The rally has been driven by a number of factors, including rising consumer demand, strong exports, and a low interest rate environment. Several major companies listed on the BSE have reported robust financial results in recent quarters, contributing to the overall index gains. These include OTP Bank, MOL Group, and Magyar Telekom, which have all posted exceptional earnings growth over the past year.


The BSE's performance stands in stark contrast to the broader European market, which has been struggling amid concerns over the economic fallout from the ongoing war in Ukraine and soaring inflation. Investors have sought refuge in Hungarian stocks due to the country's relatively strong financial position and its efforts to mitigate the impact of external headwinds.


Analysts remain cautiously optimistic about the outlook for the BSE, citing the country's sound economic fundamentals and the ongoing recovery from the COVID-19 pandemic. However, they caution that geopolitical uncertainties and potential interest rate hikes by the Hungarian National Bank could pose risks to the continued rally.

Budapest SE: Risk Assessment Index Predicts Lower Returns in 2023

The Budapest Stock Exchange (BSE) Risk Assessment Index has signaled a potential decline in returns for investors in 2023. The index, which measures the risk associated with investing in the Budapest Stock Exchange, has risen to its highest level since 2018, indicating increased uncertainty and volatility in the market.


Several factors are contributing to the elevated risk assessment, including the ongoing conflict in Ukraine, rising inflation, and concerns about the global economic outlook. The war in Ukraine has disrupted global supply chains and led to higher energy prices, which are putting pressure on businesses and consumers in Hungary and the region.


Inflation is also a significant concern for investors. The Hungarian central bank has raised interest rates several times in an attempt to curb rising prices, but inflation remains high and is eroding the value of savings. The high interest rates are also making it more expensive for businesses to borrow and invest, which could impact corporate earnings.

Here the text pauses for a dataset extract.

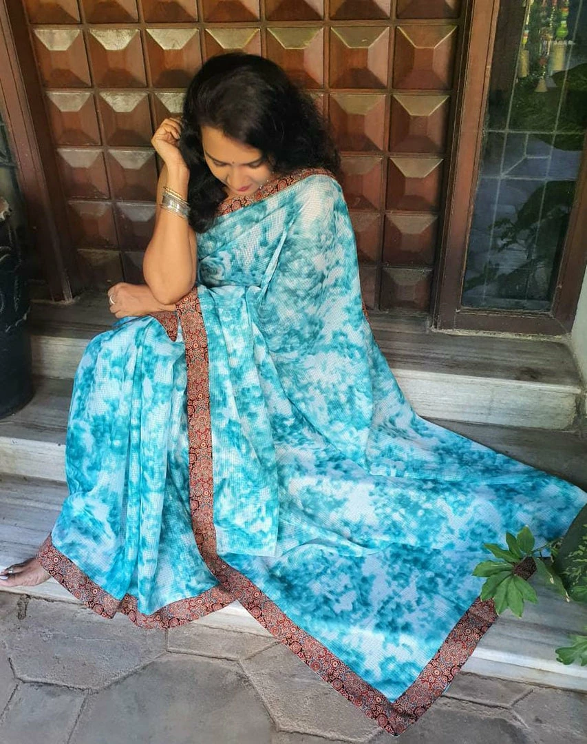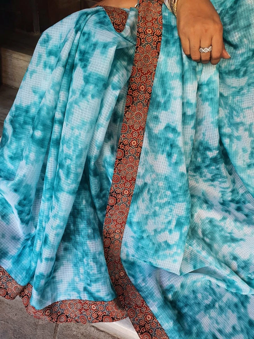 In this particular collection, we have given custom designed ajrakh patch work borders for silk kota sarees with vibrant colour burst pattern all over.

The global economic outlook is also uncertain. The war in Ukraine and the COVID-19 pandemic have disrupted global trade and economic growth. The International Monetary Fund (IMF) has downgraded its growth forecasts for the global economy, and there are concerns that a recession could be on the horizon. This could lead to lower demand for Hungarian goods and services, which could hurt corporate profits and stock prices.